Stored entries:
^^^^^^^^^^^^^^^^

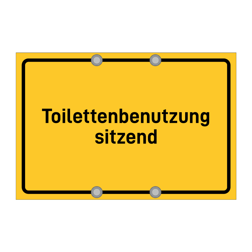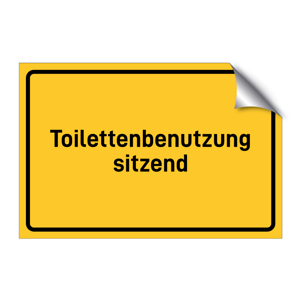 Hinweisschild mit dem Text Toilettenbenutzung sitzend
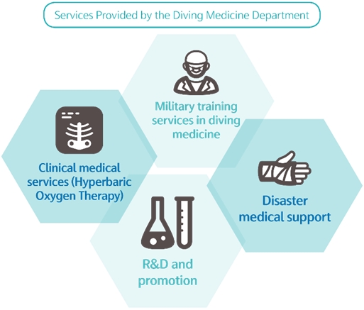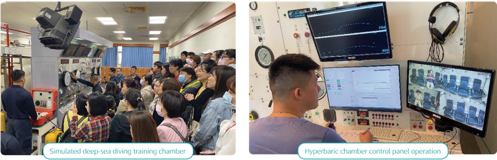 After years of development, the Diving Medicine Department was upgraded from a division to a full department in 2005. Its services expanded from exclusively supporting naval divers to also serving civilian divers and patients requiring hyperbaric oxygen therapy. In 2014, it was awarded the Symbol of National Quality (SNQ) certification, recognizing its outstanding professional performance in the fields of diving medicine and hyperbaric therapy. In 2025, the department will be further upgraded into the Diving Physiology Training Center, with the goal of transforming into a certified institution for diving medicine, enhancing its saturation diving training capacity, and expanding its role in diving medicine.
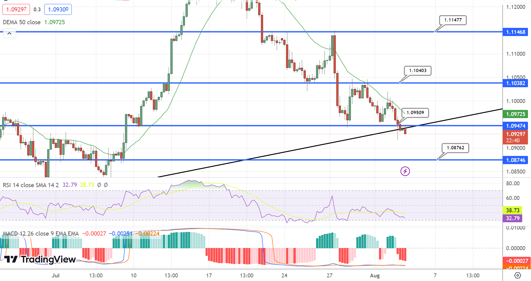 The EUR/USD pair finds itself at its lowest level since July 07, but it shows signs of bouncing back as it rebounds from a descending support line that has been in place for three weeks. The current level hovers around 1.0940.
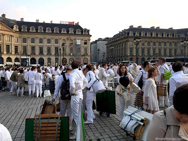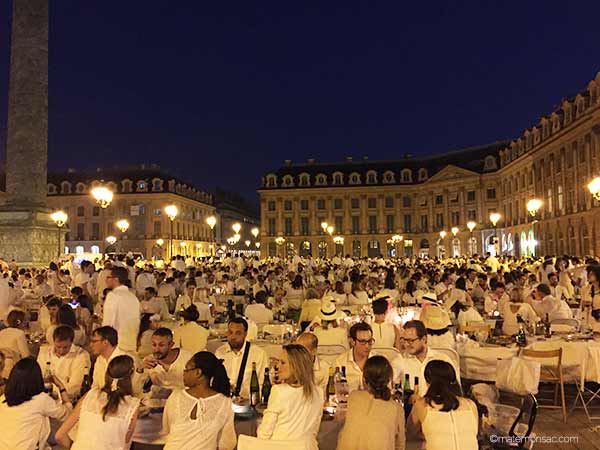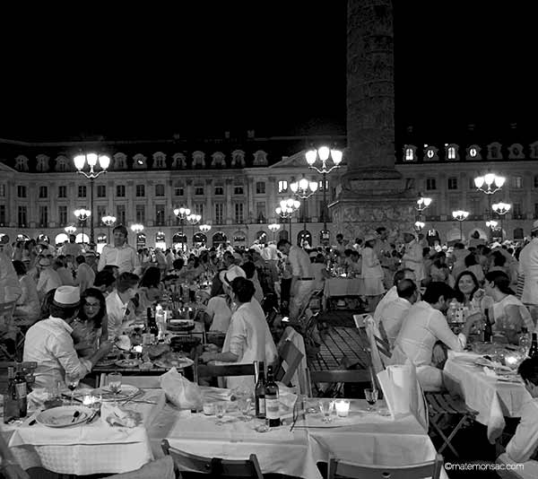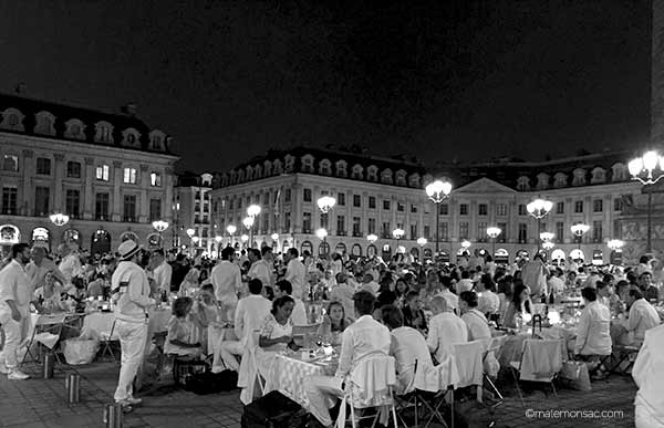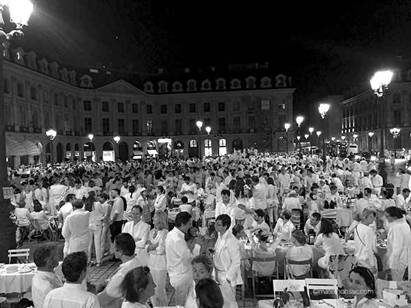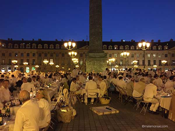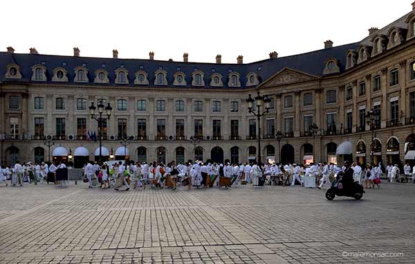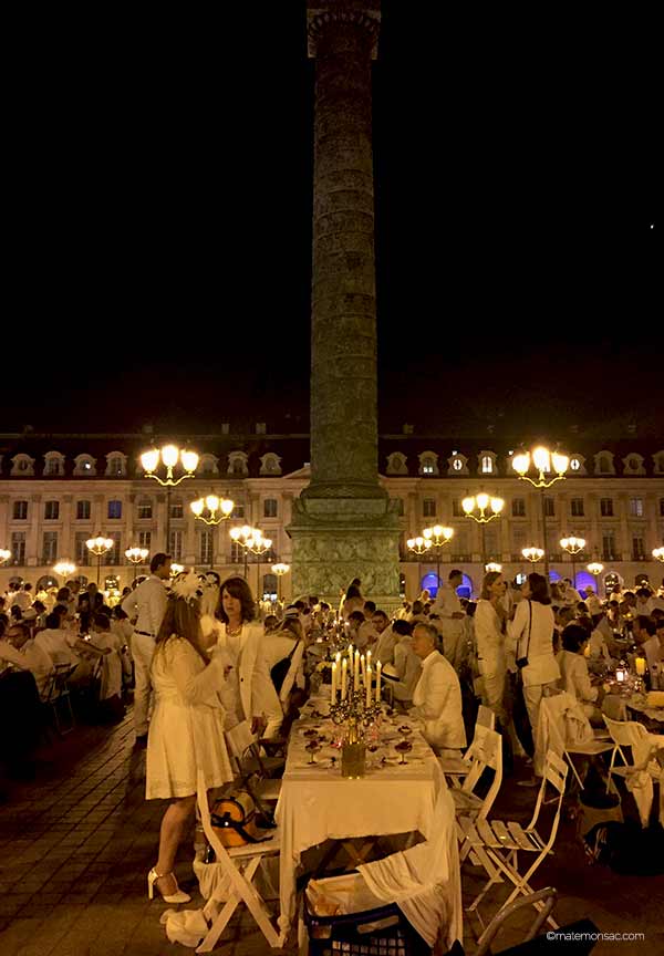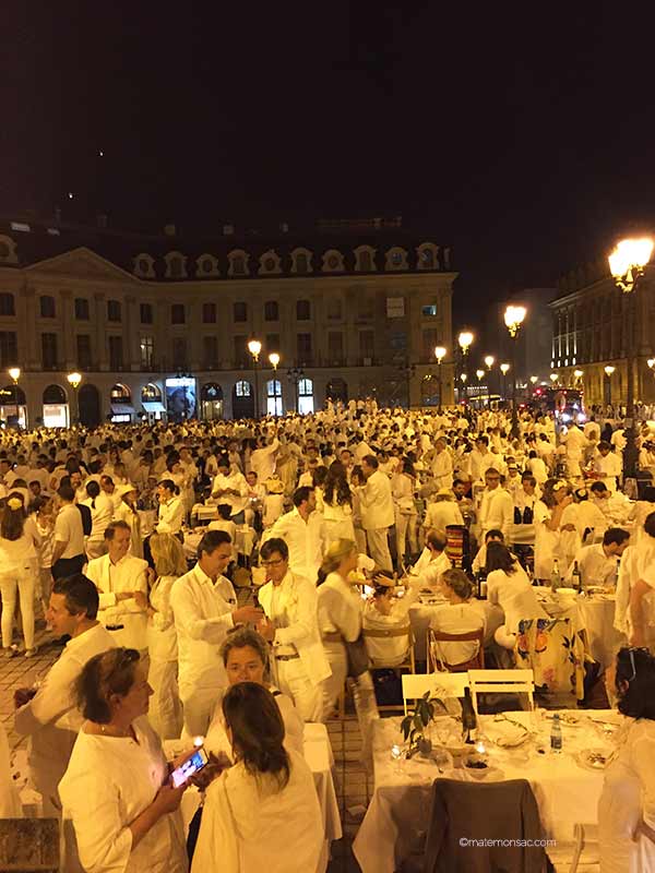 C’est avec un grand bonheur que nous nous sommes rendus au fameux Dîner en Blanc de Paris qui a lieu une fois par an en juin. Cette fois encore nous ne connaissions pas le lieu du dîner jusqu’au dernier moment. Ce fut magique de découvrir que le lieu était Place Vendôme, au pied de l’hôtel Ritz qui devait rouvrir ses portes quelques jours après.
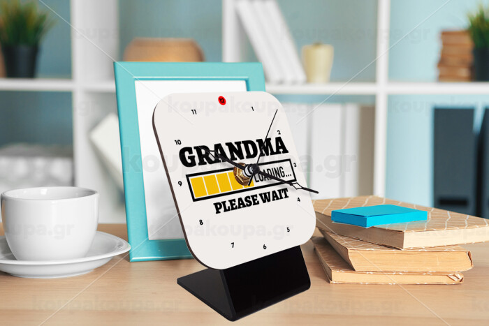 Grandma Loading, Quartz Wooden table clock with hands (10cm)
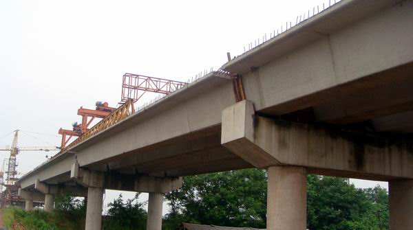 江南的7月是個(gè)多雨的季節(jié),自進(jìn)入7月以來,青弋江項(xiàng)目遇上連日暴雨,長江水位猛漲,青弋江水位也隨長江水位增高和上游陳村水庫泄洪而增高,一度超過了98年同期水位,致使對(duì)岸紅星圩大堤被縣防指封堵,東岸施工平臺(tái)被淹,被迫停工半月之余。再加上受洪水、停電、停水等不利因素的影響,項(xiàng)目生產(chǎn)出現(xiàn)困難,但項(xiàng)目部及時(shí)調(diào)整施工方案和對(duì)策,不等不靠,采取靈活方案,積極進(jìn)行施工生產(chǎn):主橋不能干就干引橋,白天不能干就晚上干,停電就自己發(fā)電,沒有水就挑水或買水……努力克服重重困難,保工期、保質(zhì)量。到月底即7月31日止,共完成32片30M箱梁的安裝,主橋已完成5#墩的7#塊、6#墩的5#塊的澆筑任務(wù),預(yù)計(jì)8月底能完成主橋全跨的合攏任務(wù)。9月份全橋?qū)⑦M(jìn)入上部橋面系的施工,全橋預(yù)計(jì)在10月底全部完工。
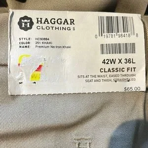 Haggar Pants Khakis Classic Fit Flat Front No Iron Expandable Waist Size 42x36
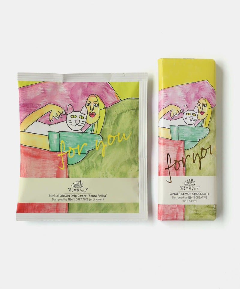 様々な障がいを持つ人が好きなこと・得意なことで活躍し、 嬉々として創造的に暮らせる社会を目指して活動する福祉施設/アトリエ 「嬉々!! CREATIVE(キキ・クリエイティブ)」の個性的なアーティストたちが手がける、ポップでキュートな限定アートパッケージ『Artisanシリーズ』。 筧 純爾さん、齊藤 瑛那さん、三本木 海人さん、森山 幸美さん、山本 頼子さん、5人のアーティストの作品が、フェアトレードチョコレートのパッケージになりました。 ご自宅用にはもちろん、ポップでキュートなアートワークのパッケージは、ギフトにもぴったり。 チョコレートとコーヒーはお揃いのデザインなので、セットでプレゼントいただくのもおすすめです。
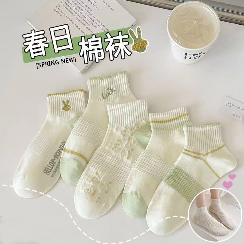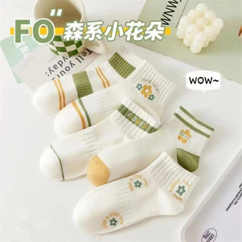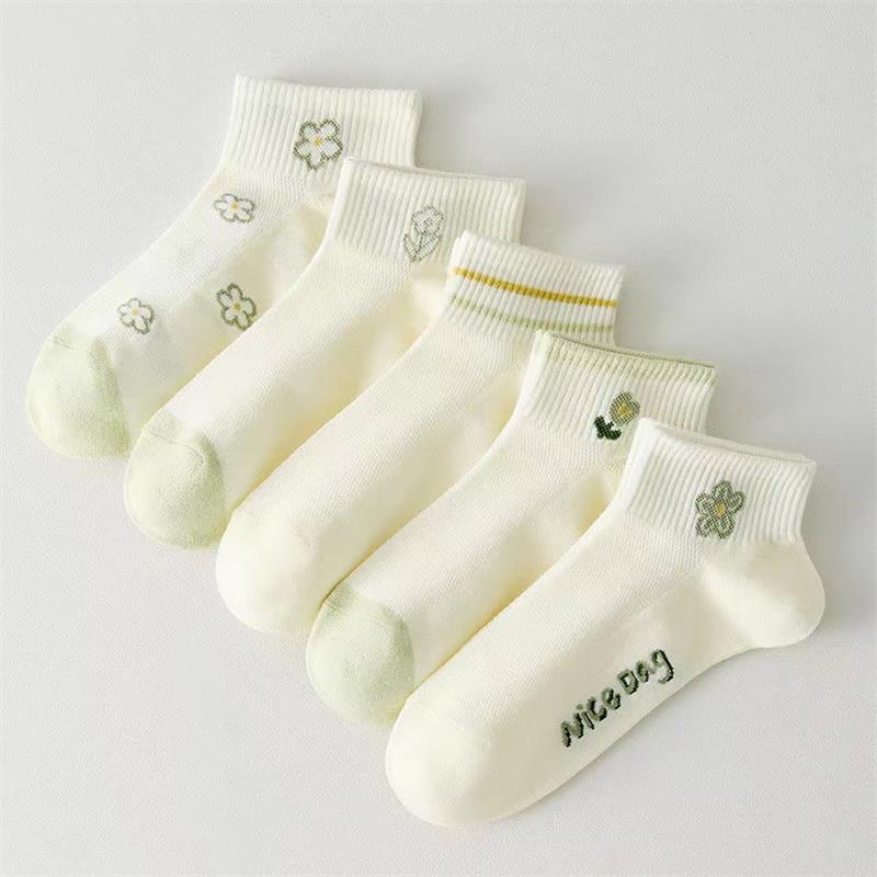 • 녹색 꽃무늬 여성용 양말(10켤레/팩, 5색 혼합)
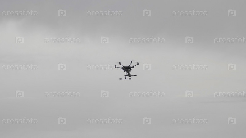 Летающий вертолет-дрон на фоне белых облаков
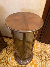 Vendo vetrinetta legno e vetro,alta 87cm,diametro 42cm.Due ripiani interni in vetro.
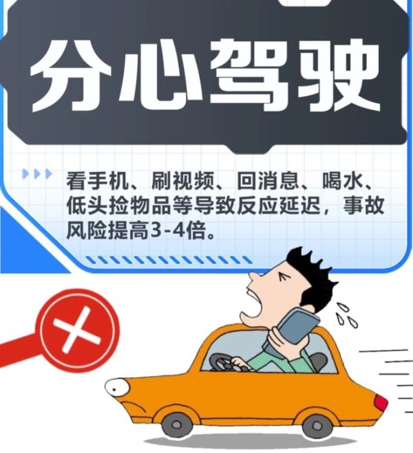 分心驾驶发生事故的风险是正常驾驶的4倍。驾车途中,请集中精力,不要接打电话、抽烟等,严防分散注意力。谨记:安全细节虽小,忽视易酿大祸!
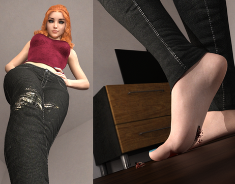 Walking out of the kitchen, Yvonne saw a tiny bit of movement beside the couch, but pretended not to. Her head was performatively in the clouds as she walked to the couch. To the group of tinies, it was in the clouds: oblivious and towering above them. They dashed for any kind of cover, thinking they hadn't been noticed. She plodded towards them, bare feet slapping the floor loudly as she approached. Her hair and chest bounced slightly in time with her steps, though it didn't take many to reach one of the tinies. She spared a quick glance downwards, and planted her foot squarely on top of him. It landed with a crunch. She peeled her foot off the floor with a sarcastic "oops." She bent down to look at the bloody mess that used to be a person hanging off of her foot. "You guys are so pathetic. Look at you, crushed to a pulp accidentally by a single step." She sighed and scraped her foot on the floor, directly in front of the other tiny grieving at her feet. It did less to clean off her foot than shred what was left of the body stuck to it. She turned her attention to the third tiny who was still fleeing and left the other with the bloody mess, pretending to not have noticed him. She sighed, "I may as well clean up the other one." Her foot left drops of blood across the floor, closer and closer to the one who fled. A shadow fell over him, then a drop of blood landed next to him, dousing his left leg. He tensed up and closed his eyes, waiting for the end and heard a loud thump in front of him. He opened them again and stared at the massive heel in front of him. "Oh no, I missed." Yvonne said with the same sarcasm as before. The heel raised up, baring her sole towards the tiny. Her foot dragged back toward her with the tiny right in its path. He made it a few steps before being overrun. He fell underneath the ball of her foot like a steamroller and was flattened as it dragged him across the floor. "How do you expect to be able to run from me when I can crush you without even realizing it? You're easier to crush than ants, at least they scurry away quickly." She turned back to the last remaining tiny. He saw her glance in his direction and hopelessness took over. He just stared up at her, utterly powerless against the ginger goddess. Yvonne swung her foot at him and snatched him between her toes. The shocked and vertigo-stricken tiny swung through the air in their pungent grasp. She sat down and planted her feet on the glass coffee table. "I'm going to watch tv for a bit, clean the blood from my feet before I'm done and I'll let you go, use your tongue if you must." He tried to wriggle free of her toes and just before he had gotten free she giggled and scrunched her toes, putting him right back where he started. He must have tickled her in his escape attempt. This repeated a few times before he finally managed to escape, carefully avoiding tickling her sensitive toes. He carefully scaled down her foot then scraped the wet blood off with his arm. It only took a few minutes but now he had to contend with the bits that stained her foot. With no other options he licked the stain. She burst out laughing, nearly throwing him off. He regained his hold and prepared to lick her sole again. The last one had tasted predictably foul; sweat, dirt, and blood clung in his mouth unpleasantly. He continued to lick, though now they were both fighting Yvonne's laughter, her stifling giggles and him barely clinging on as she did. Yvonne had stopped paying attention to the show she was watching, the tiny's struggles were far more amusing, and the tickle of his tongue made it hard to focus on watching. "I'll be honest I was just going to crush you, but you really know your place. Make sure you don't forget that I'm your goddess and worship me like this. We might get along." She pinched him between her fingers and brought him to her face. "I think you're done, you're way too tiny to be able to clean my feet quickly." She dropped him into her shirt to keep for the time being. He tumbled between her breasts where he stayed, unable to climb out until she decided to use him again.

^^^^^^^^^^^^^^^^

Copy exactly, without pictures, the lines above from the one with "양말(10켤레/팩, 5색 혼합)" down to the one with "分心驾驶发生事故的风险是正常", inclusive.

- Solution to this task
 • 녹색 꽃무늬 여성용 양말(10켤레/팩, 5색 혼합)
 Летающий вертолет-дрон на фоне белых облаков
 Vendo vetrinetta legno e vetro,alta 87cm,diametro 42cm.Due ripiani interni in vetro.
 分心驾驶发生事故的风险是正常驾驶的4倍。驾车途中,请集中精力,不要接打电话、抽烟等,严防分散注意力。谨记:安全细节虽小,忽视易酿大祸!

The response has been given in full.